Tom Matthews is an artist and architectural designer originally from North-East England but now living in Glasgow. His practice concentrates on how measured ways of understanding and representing space and place can connect with the more qualitative ways we experience them. Working out of Glasgow's Print Studio, he creates etchings that celebrate calculated pattern and tone alongside the organic patina of a steel etching plate.
Gaston Welisch is a French designer and photographer with a penchant for the fun and unconventional. Capturing humanity in Glasgow with analog consumer cameras, Gaston's images are often blurred, grainy, and wonky.
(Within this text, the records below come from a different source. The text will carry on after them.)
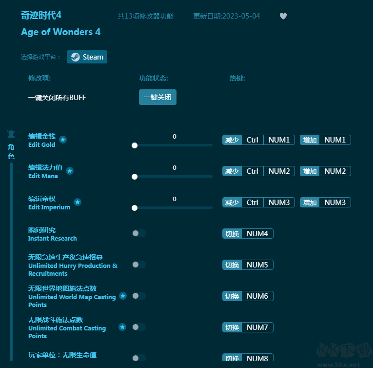 《奇迹时代4》已经正式上限,奇迹时代系列第四作,带你统治奇幻世界。这款《奇迹时代4修改器》可以帮助玩家大幅降低游戏难度,提供无限金钱,无限法力值,瞬间研究,无限急速生产,无限生命值,无限战斗施法点数等十三项游戏辅助,让玩家游戏通关更轻松!有需要的朋友不要错过,KK下载站推荐大家下载体验!
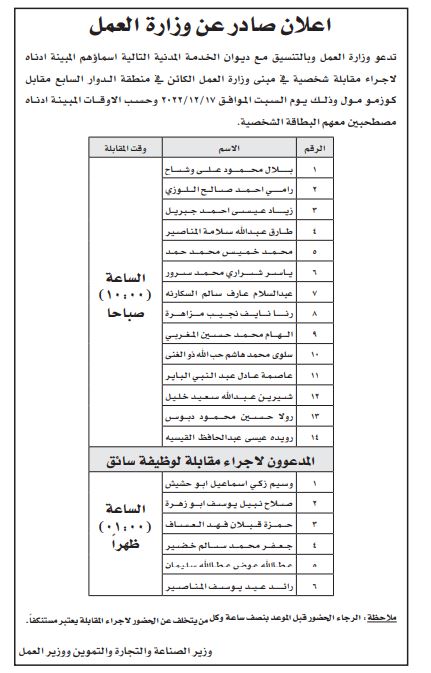 أعلنت وزارة العمل، اليوم الخميس، بالتنسيق مع ديوان الخدمة المدنية، عن دعوته التالية أسماؤهم، إلى مراجعة الوزارة لإجراء المقابلات الشخصية مصطحبين معهم البطاقة الشخصية.
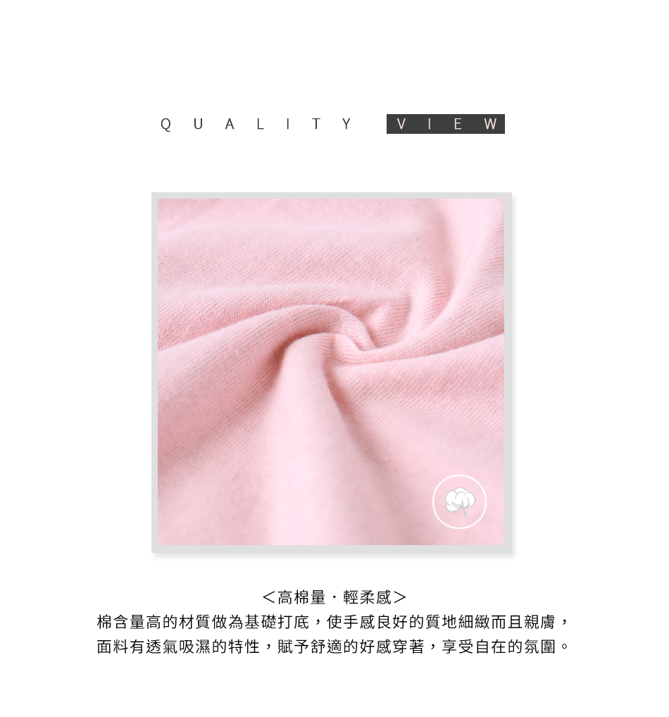 台灣製造的優質面料親膚柔軟,提供舒適的好感穿著體驗~
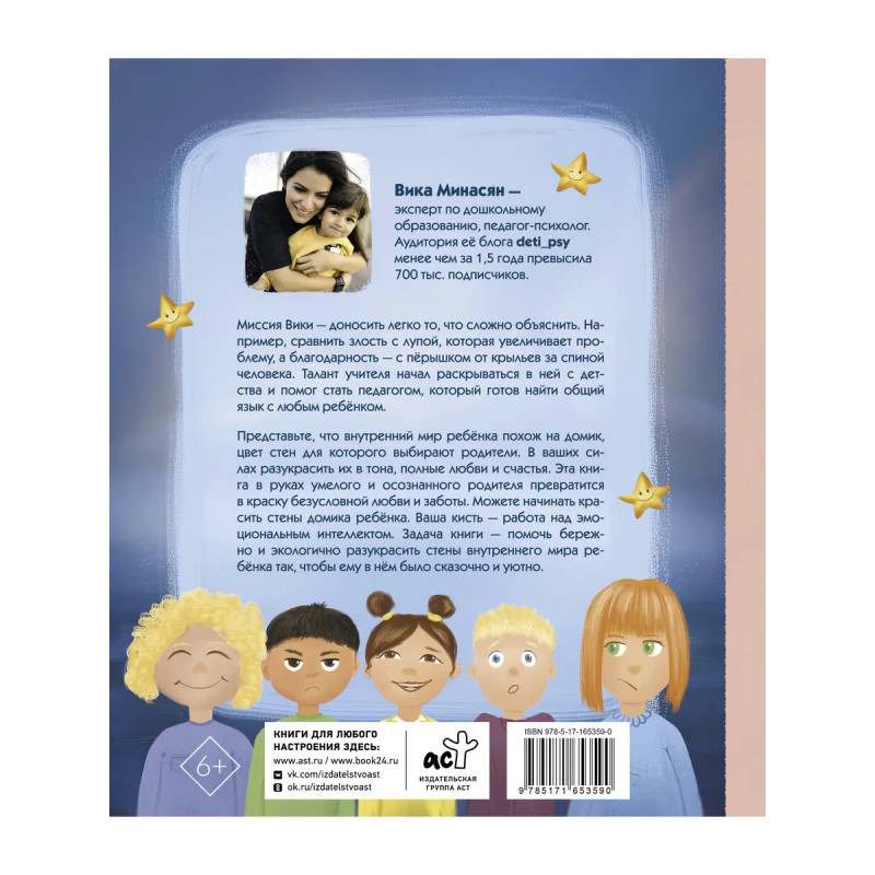 Вика Минасян — эксперт по дошкольному образованию, педагог-психолог. Аудитория её блога deti_psy менее чем за 1,5 года превысила 700 тыс. подписчиков. Миссия Вики — доносить легко то, что сложно объяснить. Например, сравнить злость с лупой, которая увеличивает проблему, а благодарность — с пёрышком от крыльев за спиной человека. Талант учителя начал раскрываться в ней с детства и помог стать педагогом, который готов найти общий язык с любым ребенком. Представьте, что внутренний мир ребёнка похож на домик, цвет стен для которого выбирают родители. В ваших силах разукрасить их в тона, полные любви и счастья. Эта книга в руках умелого и осознанного родителя превратится в краску безусловной любви и заботы. Можете начинать красить стены домика ребёнка. Ваша кисть — работа над эмоциональным интеллектом. Задача книги — помочь бережно и экологично разукрасить стены внутреннего мира ребёнка так, чтобы ему в нем было сказочно и уютно.

Gaston's snapshot-style photography embraces the vernacular, revealing the social and human aspects of city life in subdued colour.
Graduating with distinction from the Glasgow School of Art in Product Design, Gaston was awarded the Chairman's Medal in 2019. His diverse background spans studies in design and art in Paris, Helsinki, and Glasgow, shaping a nuanced approach to his work. Currently a design researcher at the Glasgow School of Art's Innovation School, Gaston continues to explore life in Glasgow through photography, inviting viewers to share in the everyday moments of the people he photographs.
Scar Tissue will be exhibited in Civic House's project space during the (R)Evolution! Architecture Fringe Opening Party.